October 24, 2011

Paranormal Activity 3 (2011)

"In 1988, young sisters Katie and Kristi befriend an invisible entity who resides in their home."

Obviously, since I can't even bring myself to review the first "Paranormal Activity" (2007) and my "review" of "Paranormal Activity 2" (2010) is more a serious of spoilers than anything else, you can already guess that if I had anything better to write about, I wouldn't be reviewing this one either.

As much as I like paranormal horror films more than any other, none of these cheap looking "found footage" ripoffs of "The Amityville Horror" have done anything for me. I don't find them scary and, for the most part, I don't even think of them as being real films.

Even though I didn't think it could be possible, "Paranormal Activity 3" is by far the weakest in the series. It's so bad that it actually makes the second one look good especially after revisiting it on Netflix, but don't take that as an endorsement. They are all crap.

One of the things which really bugs me about the "Paranormal Activity" series is that I don't really know anything about anyone involved in them. The directors and writers seem to keep appearing out of nowhere with no obvious past achievements and, based on the quality of the films themselves, they don't deserve to go any further either.

Another thing is how contrived everything is to include parts of the story which there is no good reason for anybody to be filming. In "Paranormal Activity 2", the switch to a handheld camera with nightvision was forced in due to the power going off. In "Paranormal Activity 3", there isn't even that much respect given to the audience.

But enough of the general bitching. "Paranormal Activity 3" is pretty much identical to the last one except that it is supposed to be set in 1988 and be filmed on VHS tapes which it clearly isn't. If the premise had been that the found footage had been filmed on Betamax then there may have been less criticism of the way the film looks since Beta was a higher quality than VHS, but even then, this is high-definition digital camerawork with no attempt to disguise it.

Another problem which everybody is moaning about is that two-thirds of the scenes in the trailer aren't even in the film itself. It doesn't matter to me since I barely look at the trailers anyway but it's a simple "bait and switch" gimmick which eventually is going to get somebody into a lot of trouble if the trend continues. The same thing happened with "Paranormal Activity 2" and "Piranha 3D" (2010) but to a much lesser extent. False advertising is still false advertising no matter how trivial it may be.

The thing which really kills "Paranormal Activity 3" though is that it's boring as shit. Katie Featherston only appears briefly so fans of her big boobies will be disappointed, and since this is another prequel—which I admit is a novel approach to doing things—it's all about childhood versions of Katie and Kristi.
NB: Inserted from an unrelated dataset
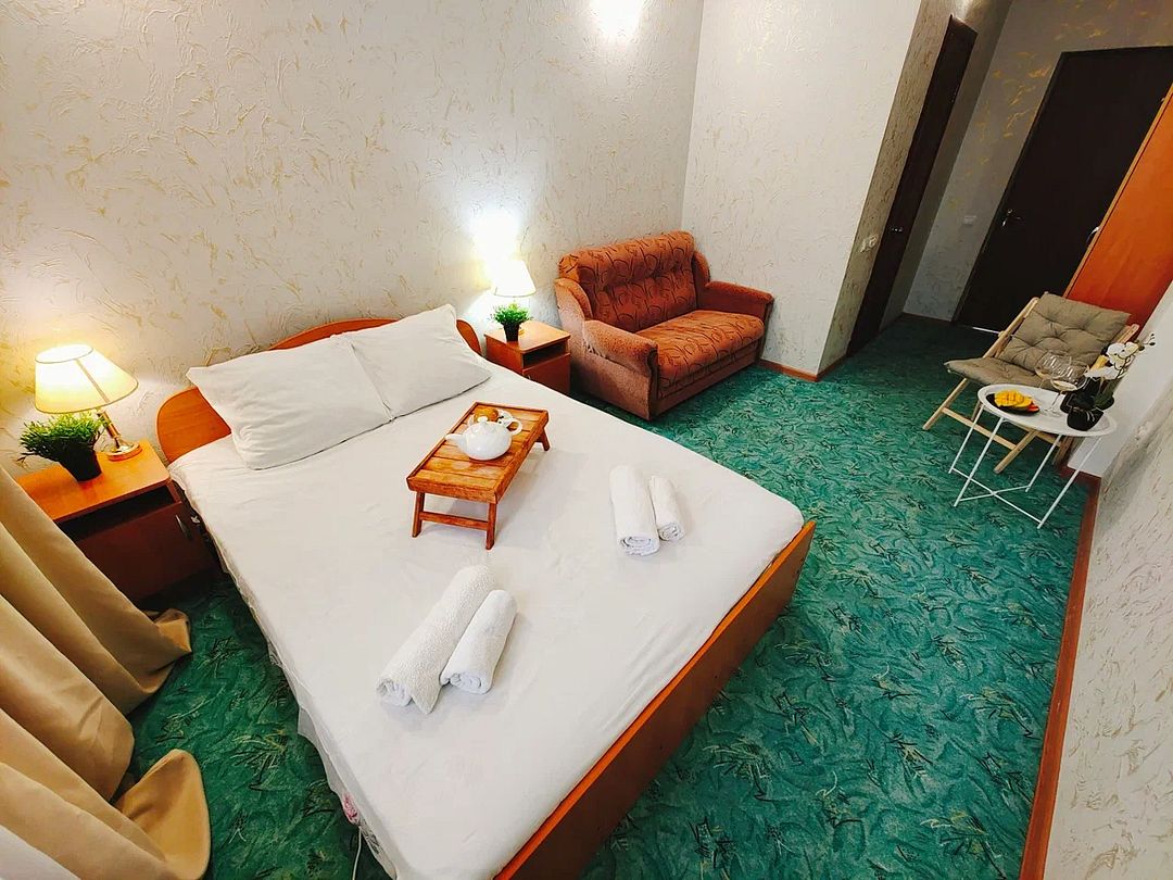 Для проживания доступны: просторные номера категорий «Стандарт» и «Комфорт» (рассчитаны на 2–5 человек) и Семейные номера 3-х комнатные с кухней до 6 гостей.
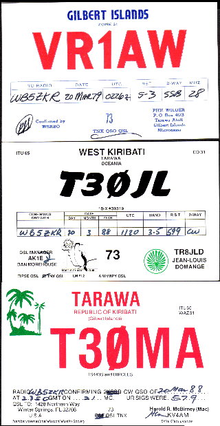VR1AW - March, 1979 My first "Western Line Islands", later Western Kiribati T30JL - March, 1988 T30MA - March, 1988 |

The adults in the film have more screen time than the kids, but even so, you have to have exceptionally good child actors to pull something like that off, and the two girls in this just aren't.

The effects are really lacklustre this time. There's a bedsheet ghost which is a bit stupid, some excessively loud bangs which hurt my delicate little ears, and what I can only describe as a "Falcon Blast" (after seeing it in a YouTube parody of whichever computer game it comes from) which was used near the end of "Paranormal Activity 2" as well (depending on which version you saw).

The box office results are already showing that "Paranormal Activity 3" has made so much money ($54,000,000 from the opening weekend) that there will undoubtedly be another one next year. Impressive as that may be to some people, I think they should quit while they are ahead as, presumably, "Paranormal Activity 4" will have to be shot on high-definition Super 8 cine film if they are going to keep doing prequels.

I highly recommend that you do not waste your money going to see this film and save it for "The Awakening" (2011) should it ever get a theatrical release.